Weniger ist doch wieder mehr
Das denken sich im Moment viele Stars, die sich zur Ankurbelung ihrer Karriere einst Silikon implantieren ließen.
Die Vorreiterin in Sachen Brustvergrößerungen, Pamela Anderson, setzt auch hier wieder den Trend. Mal wird noch ein bisschen draufgepackt, dann kommen wieder einige Gramm runter und schlussendlich soll es dann doch die halbwegs humane Größe sein.
So ein Hickhack will sich bestimmt nicht jeder antun, zumal es ins Geld geht. Nicht nur mehr kostet, sondern selbstverständlich auch die anschließende Entfernung.
Zum Glück, müssen sich da manche denken, dass man ein Silikonimplantat im Gegensatz zu einer ewig währenden Tätowierung relativ leicht wieder entfernen kann.
Doch warum sollte man sich die stolze Brust wieder verkleinern lassen? Sind die Stars auf einmal alle verrückt geworden oder ist das auch nur eine Erscheinung, die sich in zwei bis drei Jahren wieder gelegt hat und anschließend wird wieder "befüllt"?
Ob der Trend zum kleinen Busen anhalten wird, steht in den Sternen. Fest steht, dass viele ihre Implantate entfernen lassen, weil diese ursprünglich für den Karriere-Schub gedacht waren und nun keinen Zweck mehr erfüllen. Einige haben sogar kurz nach ihrer OP erkannt, dass es die falsche Entscheidung war. Und wieder andere mussten erfahren, dass Natürlichkeit Trumpf ist.
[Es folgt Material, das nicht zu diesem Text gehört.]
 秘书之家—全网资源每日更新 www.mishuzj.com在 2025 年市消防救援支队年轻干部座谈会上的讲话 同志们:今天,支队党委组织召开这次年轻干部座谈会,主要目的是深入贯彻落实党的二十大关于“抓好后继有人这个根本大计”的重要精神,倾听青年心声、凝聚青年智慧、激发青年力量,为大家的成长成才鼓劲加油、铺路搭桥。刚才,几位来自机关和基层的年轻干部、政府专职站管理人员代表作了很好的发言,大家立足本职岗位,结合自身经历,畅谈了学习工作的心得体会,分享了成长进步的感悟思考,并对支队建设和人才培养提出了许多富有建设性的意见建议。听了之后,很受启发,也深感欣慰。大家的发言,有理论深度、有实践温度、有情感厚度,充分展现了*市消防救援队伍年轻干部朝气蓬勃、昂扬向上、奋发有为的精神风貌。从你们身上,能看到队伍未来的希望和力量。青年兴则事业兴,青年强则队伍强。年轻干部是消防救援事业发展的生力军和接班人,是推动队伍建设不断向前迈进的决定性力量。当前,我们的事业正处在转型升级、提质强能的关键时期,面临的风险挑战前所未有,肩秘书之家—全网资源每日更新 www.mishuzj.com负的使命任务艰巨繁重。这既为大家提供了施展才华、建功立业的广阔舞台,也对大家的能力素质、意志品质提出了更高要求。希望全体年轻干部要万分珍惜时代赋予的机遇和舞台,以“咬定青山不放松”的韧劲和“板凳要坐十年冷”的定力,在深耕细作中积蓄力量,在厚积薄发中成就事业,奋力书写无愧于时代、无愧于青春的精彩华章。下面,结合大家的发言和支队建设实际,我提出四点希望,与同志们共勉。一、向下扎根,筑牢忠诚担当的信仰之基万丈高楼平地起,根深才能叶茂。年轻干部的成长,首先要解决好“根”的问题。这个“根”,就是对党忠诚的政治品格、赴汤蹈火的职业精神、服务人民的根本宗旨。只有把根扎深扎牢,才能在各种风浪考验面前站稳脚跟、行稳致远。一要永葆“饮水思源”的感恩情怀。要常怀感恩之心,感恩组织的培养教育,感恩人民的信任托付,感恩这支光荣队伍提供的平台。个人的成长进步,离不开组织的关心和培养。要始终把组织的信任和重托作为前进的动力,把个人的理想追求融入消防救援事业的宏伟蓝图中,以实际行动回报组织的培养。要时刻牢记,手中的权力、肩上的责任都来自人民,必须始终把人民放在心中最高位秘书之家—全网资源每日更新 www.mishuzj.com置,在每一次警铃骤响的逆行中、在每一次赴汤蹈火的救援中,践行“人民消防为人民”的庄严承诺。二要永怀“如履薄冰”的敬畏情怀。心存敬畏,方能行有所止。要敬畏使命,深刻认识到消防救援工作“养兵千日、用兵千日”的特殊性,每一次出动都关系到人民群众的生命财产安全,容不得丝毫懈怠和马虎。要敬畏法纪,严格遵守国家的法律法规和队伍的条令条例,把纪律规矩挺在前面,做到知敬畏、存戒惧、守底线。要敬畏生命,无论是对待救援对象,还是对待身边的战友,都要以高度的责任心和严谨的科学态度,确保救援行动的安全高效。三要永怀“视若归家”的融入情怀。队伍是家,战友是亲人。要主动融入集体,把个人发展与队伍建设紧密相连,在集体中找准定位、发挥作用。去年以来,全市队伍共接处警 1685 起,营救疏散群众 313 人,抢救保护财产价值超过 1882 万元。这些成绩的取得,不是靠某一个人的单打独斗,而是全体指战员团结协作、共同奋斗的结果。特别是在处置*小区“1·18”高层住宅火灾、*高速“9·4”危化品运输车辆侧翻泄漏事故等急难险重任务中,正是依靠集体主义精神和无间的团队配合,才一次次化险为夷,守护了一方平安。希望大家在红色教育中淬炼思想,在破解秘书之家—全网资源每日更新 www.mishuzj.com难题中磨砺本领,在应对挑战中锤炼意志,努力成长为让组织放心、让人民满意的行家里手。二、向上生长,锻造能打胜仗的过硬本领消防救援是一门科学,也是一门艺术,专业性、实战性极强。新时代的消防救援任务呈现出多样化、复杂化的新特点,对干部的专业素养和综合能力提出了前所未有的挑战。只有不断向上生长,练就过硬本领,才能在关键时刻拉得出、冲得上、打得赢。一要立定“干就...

Also weg mit den Dingern und alles ist wieder gut?! Mitnichten, denn es ist jedes Mal ein operativer Eingriff mit Risiken, denen man sich ja nicht zwangsweise aussetzen müsste. Aber was man sich einmal für die Schönheit angetan hat, kann in umgekehrter Richtung nicht so schwierig sein.
Auf jeden Fall ist es ein Gesundheitsplus. Die Folgen von Brustimplantaten und mögliche Nebenwirkungen sind noch immer nicht gründlich erforscht. Die Implantate können schmerzhaft verwachsen oder auslaufen.
So gesehen tun diese Berühmtheiten eigentlich genau das Richtige. Falsch daran ist jedoch die Vorbildwirkung. Demnach erhalten gerade jugendliche das Bild, dass man sich nach Belieben operieren lassen könnte.
Wenn man vorher ein wenig mehr überlegen würde, wären solche Eingriffe also überflüssig. Und besser ist es auf jeden Fall das Skalpell von seinem Busen fern zu halten.
Die Frage ist dann noch, wie lange es die Hollywood-Schönheiten mit ihrem verkleinerten Ego aushalten werden, bevor sie sich wieder unters Messer legen.